Your instructions:
The answer must consist solely of the lines from the one with "REGULAR FİT SIKI" through the last line of the data, copied exactly, with no pictures.

Dataset items:
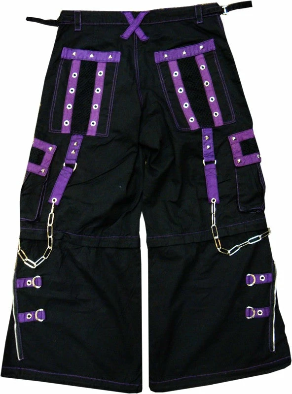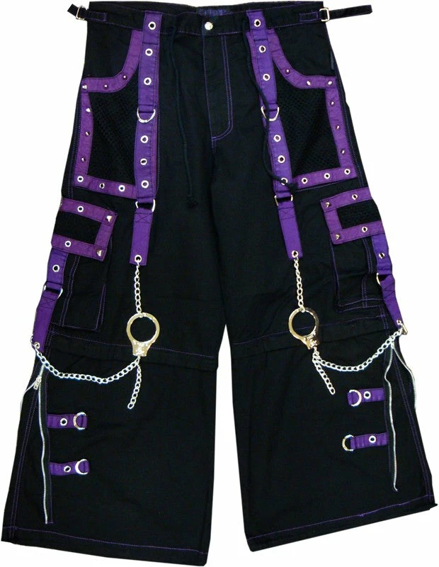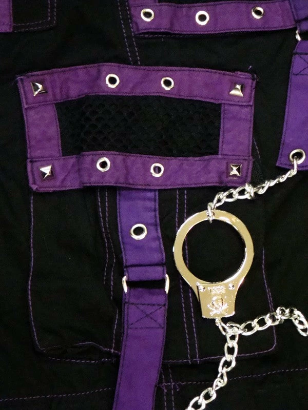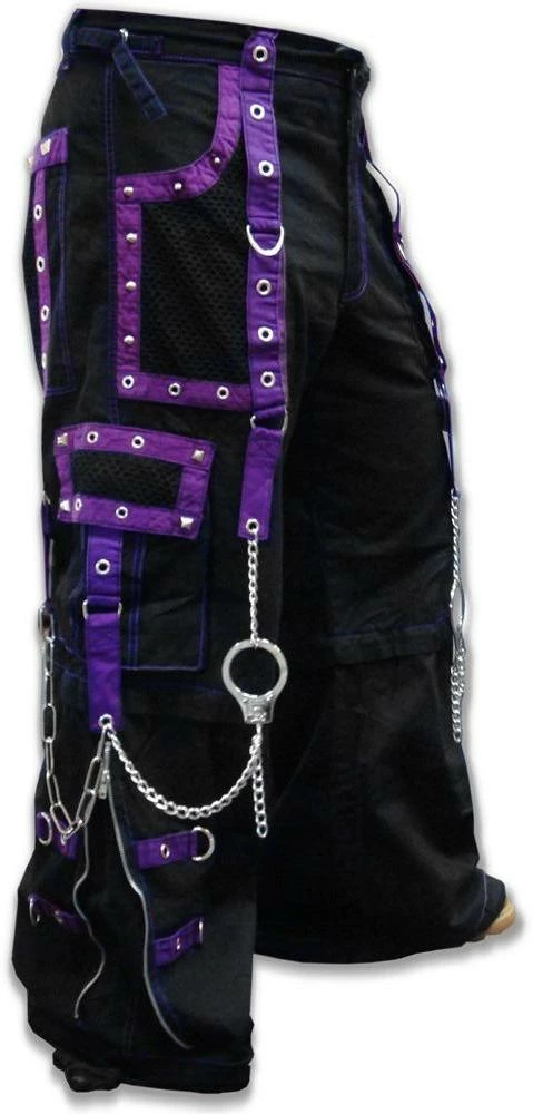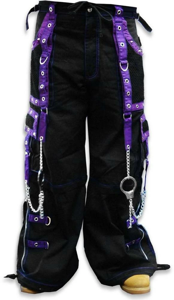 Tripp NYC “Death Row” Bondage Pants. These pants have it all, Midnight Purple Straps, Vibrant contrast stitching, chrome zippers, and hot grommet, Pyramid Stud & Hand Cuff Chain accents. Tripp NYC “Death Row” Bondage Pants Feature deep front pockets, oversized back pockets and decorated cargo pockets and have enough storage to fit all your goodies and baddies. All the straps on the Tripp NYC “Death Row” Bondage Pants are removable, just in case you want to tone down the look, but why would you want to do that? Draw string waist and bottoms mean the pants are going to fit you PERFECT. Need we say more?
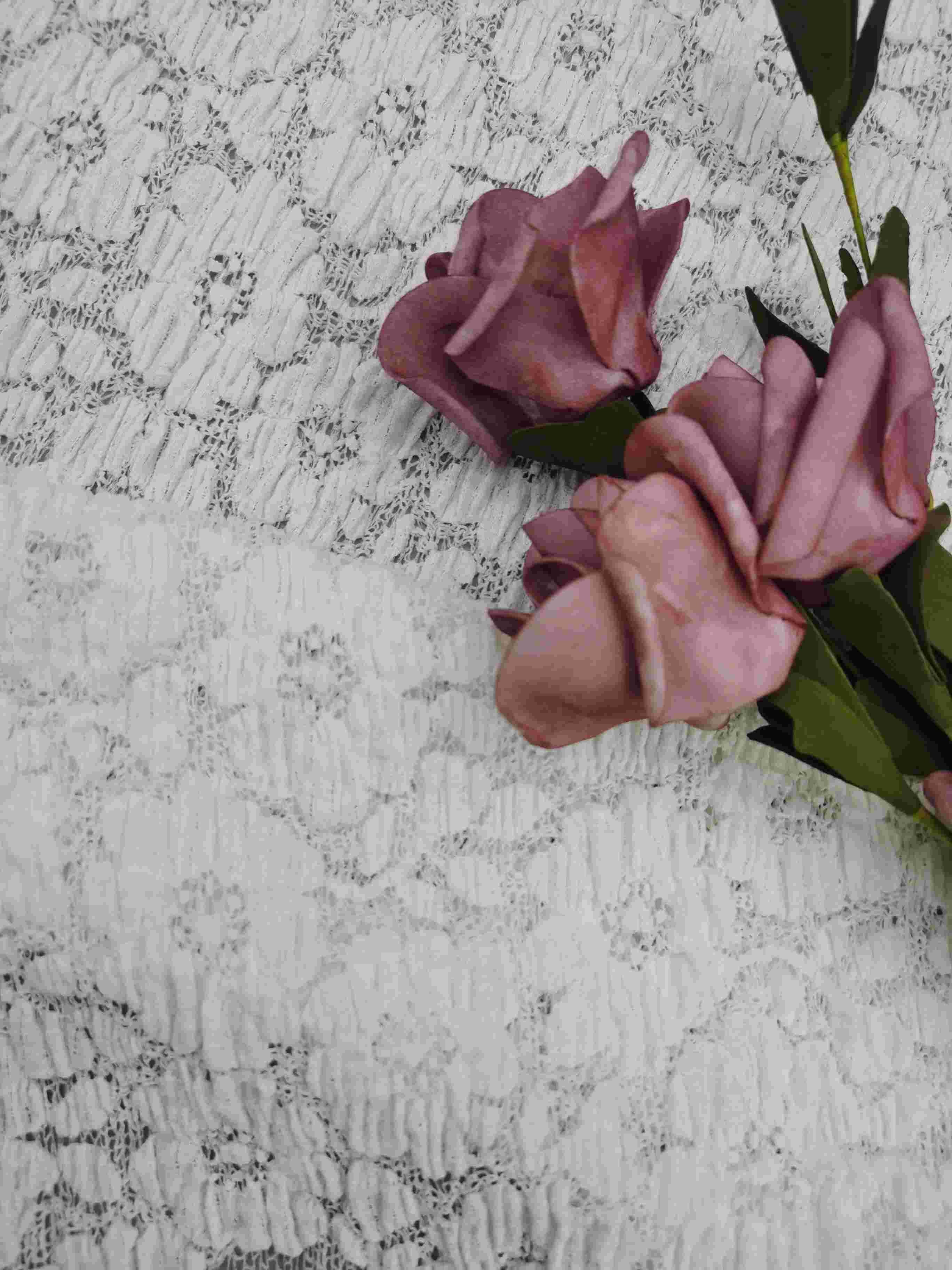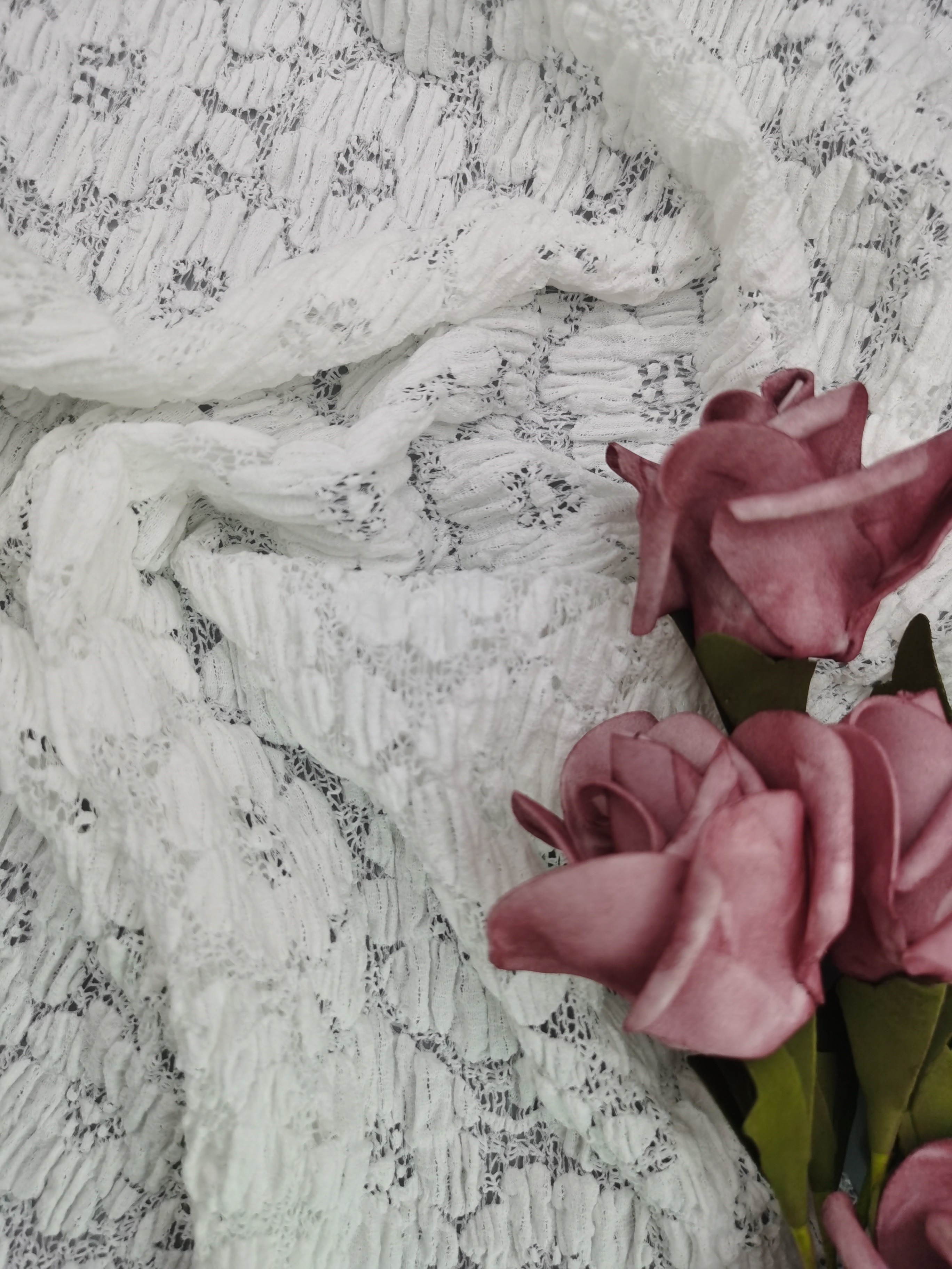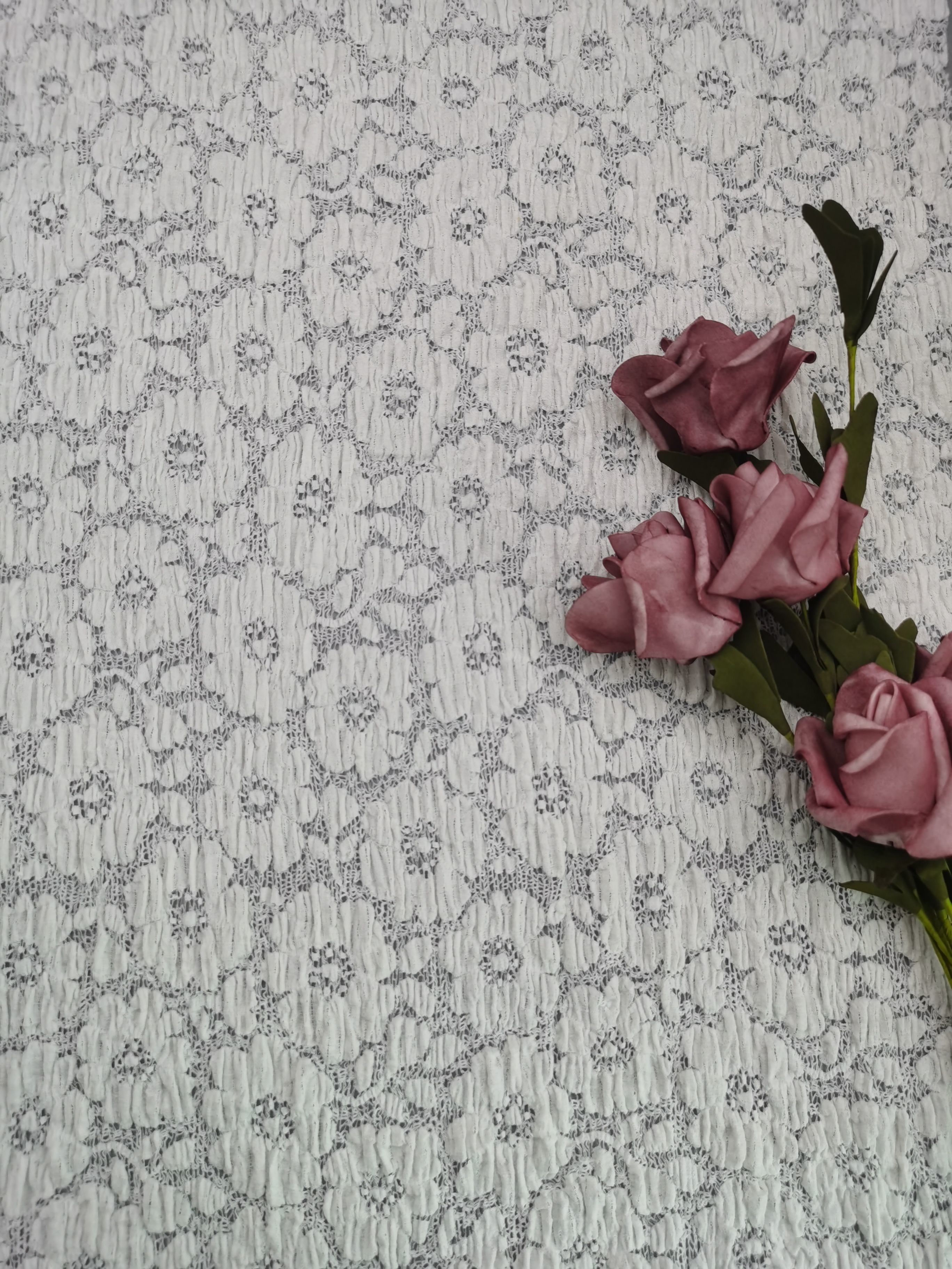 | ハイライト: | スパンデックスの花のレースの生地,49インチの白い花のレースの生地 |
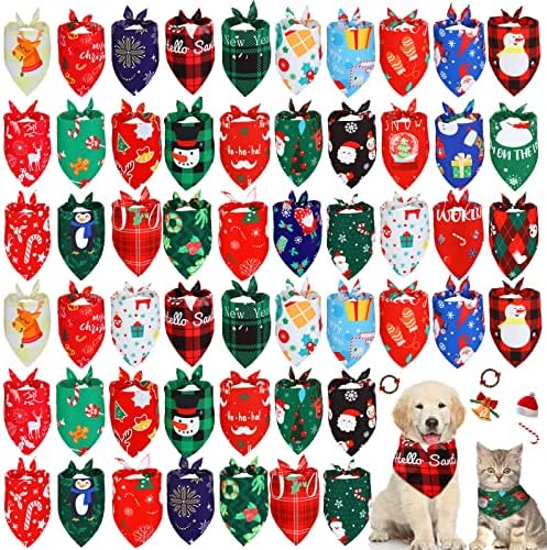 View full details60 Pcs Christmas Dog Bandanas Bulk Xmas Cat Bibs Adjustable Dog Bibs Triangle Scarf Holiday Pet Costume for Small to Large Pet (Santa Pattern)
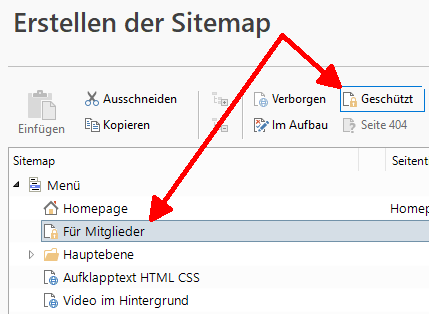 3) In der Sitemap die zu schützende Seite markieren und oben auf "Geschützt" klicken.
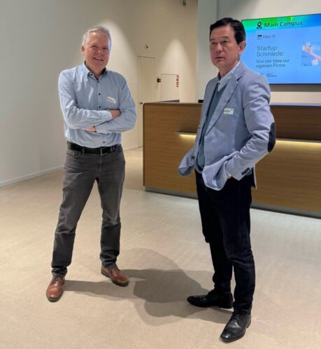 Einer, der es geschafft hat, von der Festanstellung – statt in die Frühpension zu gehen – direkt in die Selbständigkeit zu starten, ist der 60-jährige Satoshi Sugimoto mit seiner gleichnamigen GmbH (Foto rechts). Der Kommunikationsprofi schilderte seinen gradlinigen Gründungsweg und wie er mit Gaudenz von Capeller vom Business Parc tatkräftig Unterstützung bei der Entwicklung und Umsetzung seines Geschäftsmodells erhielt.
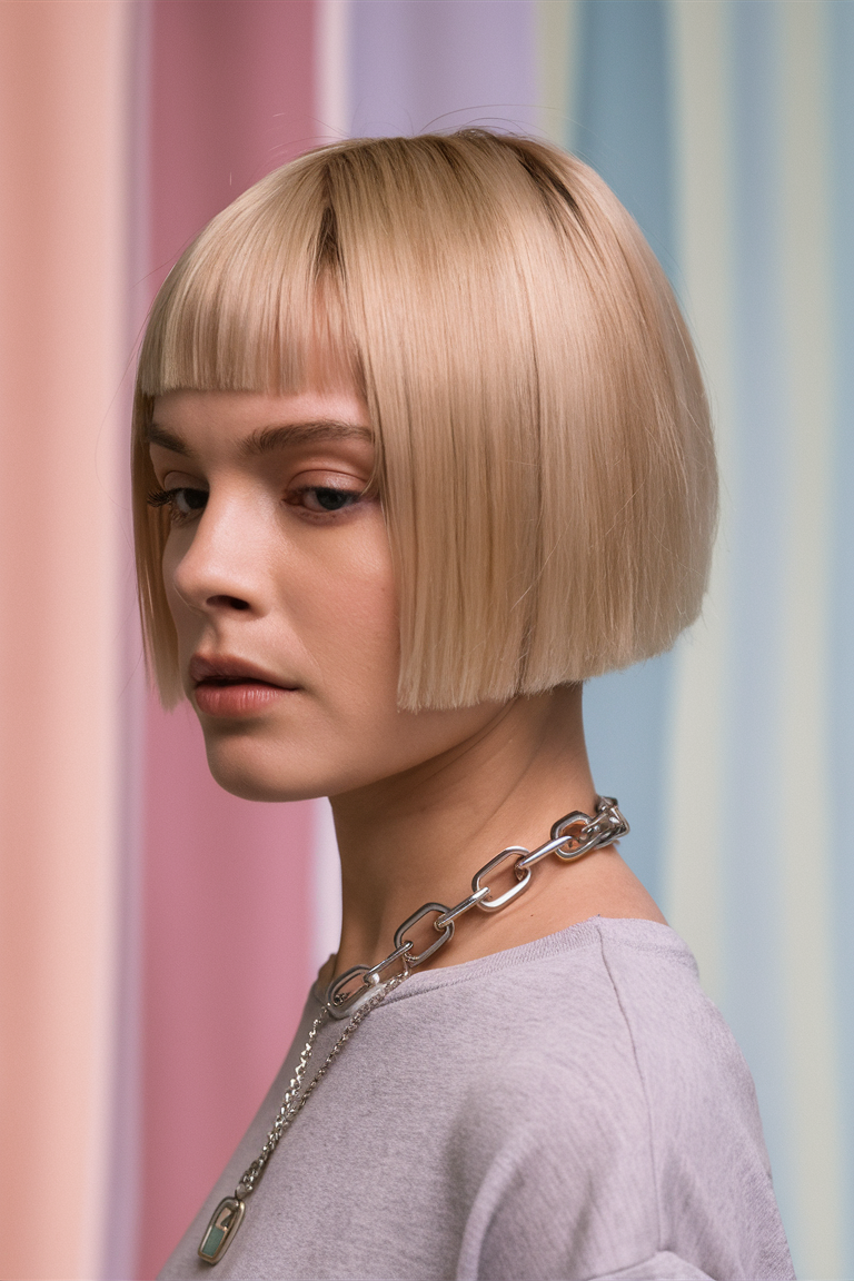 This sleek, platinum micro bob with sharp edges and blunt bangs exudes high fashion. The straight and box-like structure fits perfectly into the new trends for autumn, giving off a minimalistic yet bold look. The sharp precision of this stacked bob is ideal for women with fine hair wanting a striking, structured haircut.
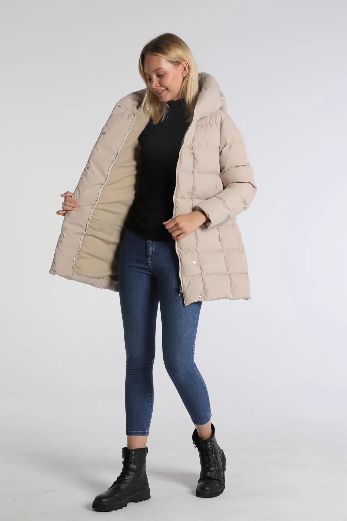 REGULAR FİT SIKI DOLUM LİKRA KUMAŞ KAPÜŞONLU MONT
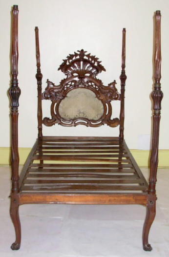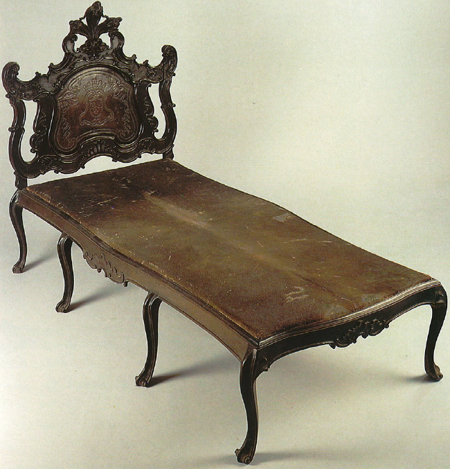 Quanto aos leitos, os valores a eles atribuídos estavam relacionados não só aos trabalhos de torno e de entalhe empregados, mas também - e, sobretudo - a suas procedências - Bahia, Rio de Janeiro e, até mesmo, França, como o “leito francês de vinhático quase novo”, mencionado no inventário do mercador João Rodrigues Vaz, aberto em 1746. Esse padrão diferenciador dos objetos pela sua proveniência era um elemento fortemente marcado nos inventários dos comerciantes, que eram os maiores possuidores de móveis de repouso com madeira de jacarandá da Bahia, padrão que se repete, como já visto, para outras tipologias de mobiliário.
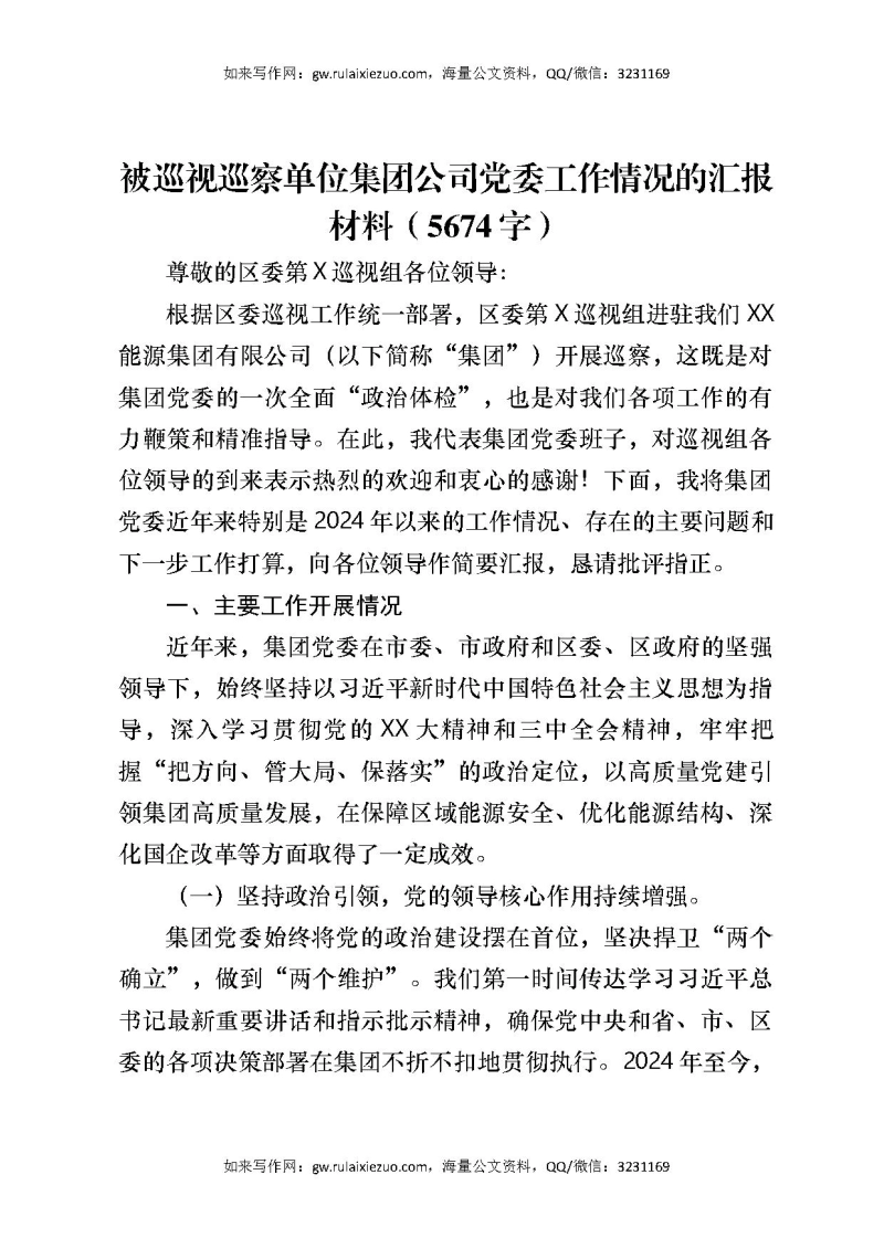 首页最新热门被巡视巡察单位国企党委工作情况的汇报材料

Finished exercise:
 REGULAR FİT SIKI DOLUM LİKRA KUMAŞ KAPÜŞONLU MONT
 Quanto aos leitos, os valores a eles atribuídos estavam relacionados não só aos trabalhos de torno e de entalhe empregados, mas também - e, sobretudo - a suas procedências - Bahia, Rio de Janeiro e, até mesmo, França, como o “leito francês de vinhático quase novo”, mencionado no inventário do mercador João Rodrigues Vaz, aberto em 1746. Esse padrão diferenciador dos objetos pela sua proveniência era um elemento fortemente marcado nos inventários dos comerciantes, que eram os maiores possuidores de móveis de repouso com madeira de jacarandá da Bahia, padrão que se repete, como já visto, para outras tipologias de mobiliário.
 首页最新热门被巡视巡察单位国企党委工作情况的汇报材料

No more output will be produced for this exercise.